_What you need to do_:
Your copy should contain exactly the lines from the start of the material through the line containing "一只成年雄性狒狒露出牙齿。(图片来源:C", and no pictures.
*** Begin section ***
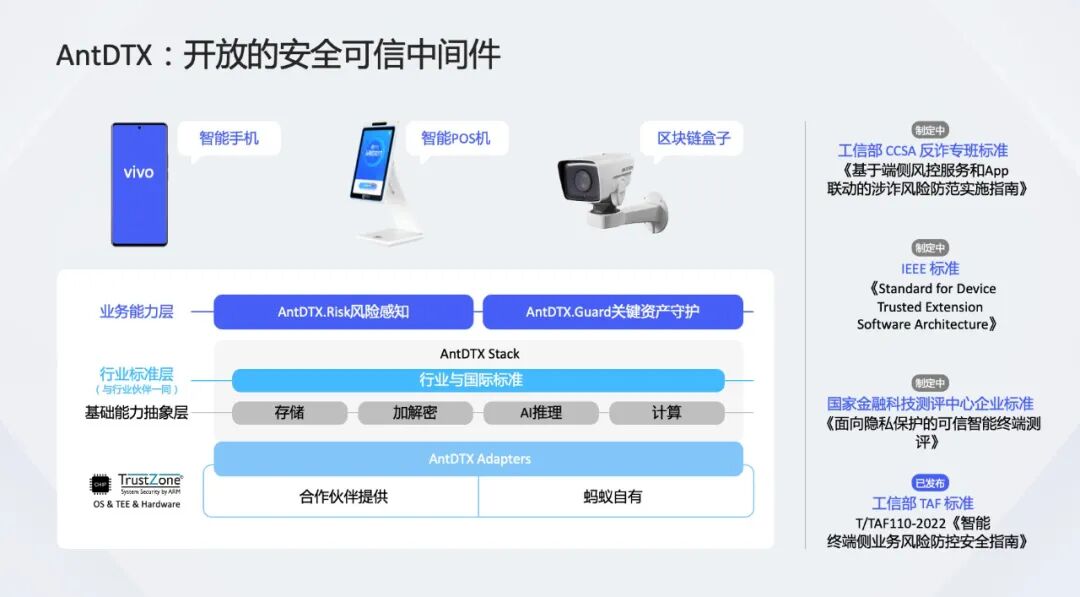 基于这套架构构建,AntDTX既能够解决像在智能POS机中的密钥与设备管理的合规问题,又能与手机合作伙伴一起在电诈等业务风控领域实现联合的治理,实现终端安全业务的统一。
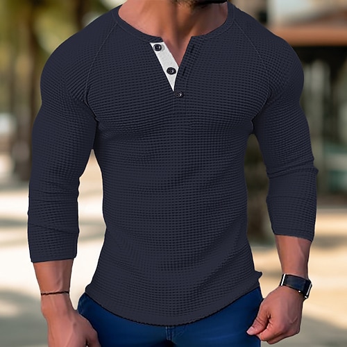 Per uomo maglietta Camicia Henley Waffle Camicia Henley T-shirt Maglia a maniche lunghe Liscio Henley Strada Da mare Manica lunga Abbigliamento Poliestere Di tendenza Originale Essenziale
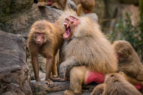一只成年雄性狒狒露出牙齿。(图片来源:CherylRamalho/Shutterstock)
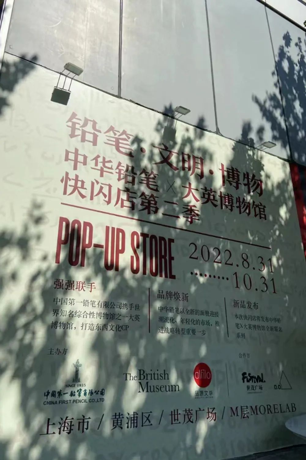 去年6月,中華鉛筆攜手大英博物館于上海黃浦世茂廣場打造“文明變鉛”首家快閃店。此次快閃店以“中鉛綠”作為主色調(diào),分別設(shè)置了埃及、希臘、文藝復(fù)興三大主題聯(lián)名區(qū),以文字、圖騰、標(biāo)志物陳列的方式向消費者講述人類文明發(fā)展過程。
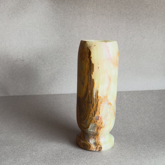 Because this vase is carved from a single block of onyx, each piece will vary slightly in color, veining, and pattern placement. Your vase will be similar in tone and form to those shown, but not identical—making each piece uniquely yours and yours alone.
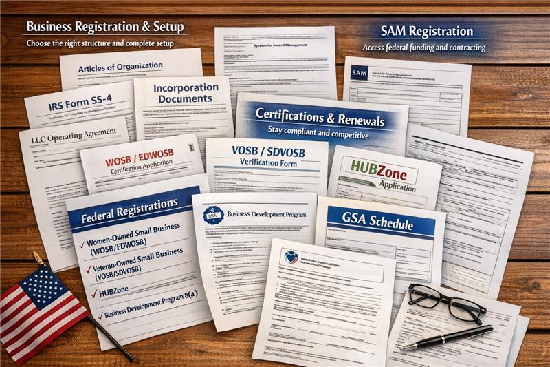 We handle your setup, registrations, and certifications so you can grow.
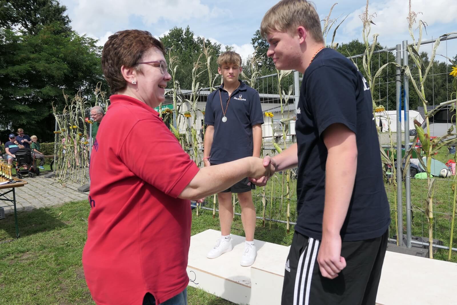 Nach dem gemeinsamen Mittagessen wurde die Siegerehrung von dem eingespielten Team Gerd Griffel, Marion Schur und Bernd Dammeier durchgeführt. Stellvertretender Jugendleiter Rainer Gaumann hatte in seinem "Homeoffice" die Siegerehrungsliste fertiggestellt. Vor der Siegerehrung bedankte sich Kreisverbandspräsident Gerd Griffel bei allen Teilnehmern für ihr gutes Verhalten an allen Tagen, es habe auch ihm viel Spaß gemacht, und er freue sich schon auf das nächste Jugendzeltlager. Der Veranstaltungsort /Verein wird am Kreisdelegiertentag am 15. September bekanntgegeben. Vom gastgebenden Verein BSV Ströhen, dankte auch Präsident Gerald Hilgemeier allen Helfern für die gute Organisation, nicht nur aus seinem Verein, denn ohne ihr Engagement würde vieles nicht "laufen". Mit viel Beifall der Anwesenden wurden die aufgerufenen Sieger bedacht, diese freuten sich sehr über die Medaillen und Pokale.
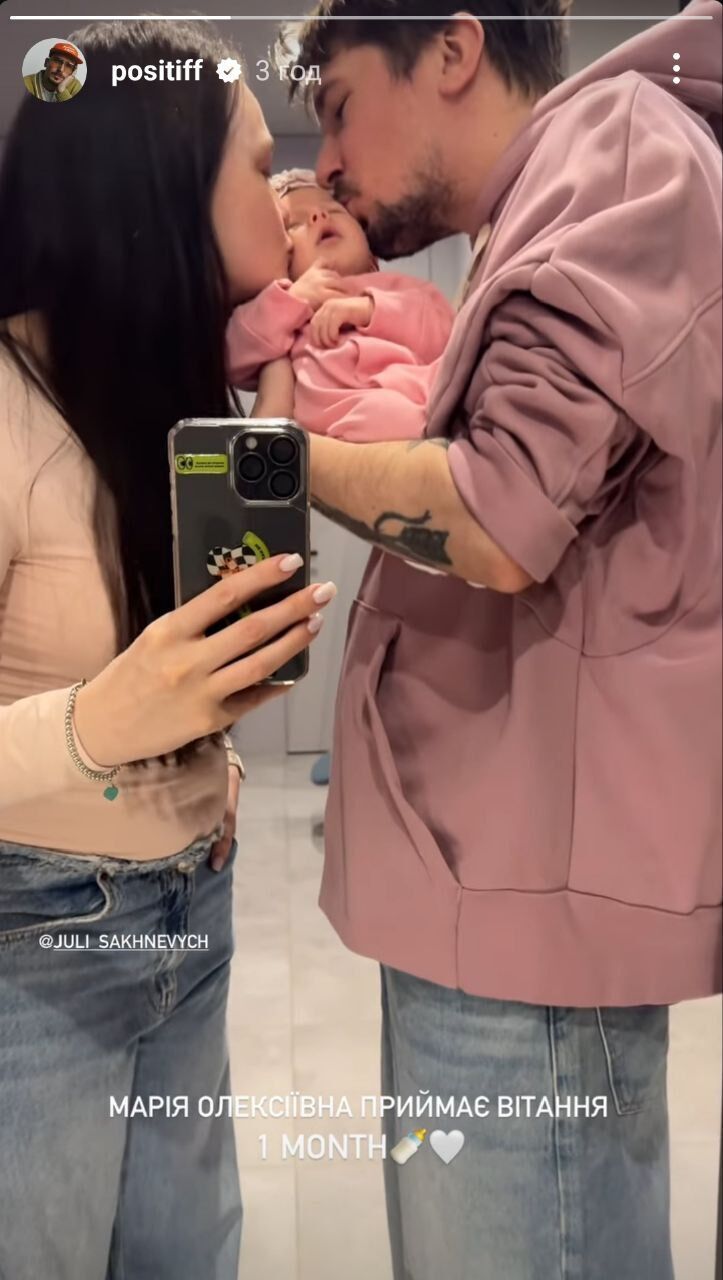 Украинский певец Позитив (Алексей Завгородний) 27 января в Instagram Stories показал видео, в котором изображен с женой и одномесячной дочерью Марией.
*** End section ***
_Finished task_:
 基于这套架构构建,AntDTX既能够解决像在智能POS机中的密钥与设备管理的合规问题,又能与手机合作伙伴一起在电诈等业务风控领域实现联合的治理,实现终端安全业务的统一。
 Per uomo maglietta Camicia Henley Waffle Camicia Henley T-shirt Maglia a maniche lunghe Liscio Henley Strada Da mare Manica lunga Abbigliamento Poliestere Di tendenza Originale Essenziale
一只成年雄性狒狒露出牙齿。(图片来源:CherylRamalho/Shutterstock)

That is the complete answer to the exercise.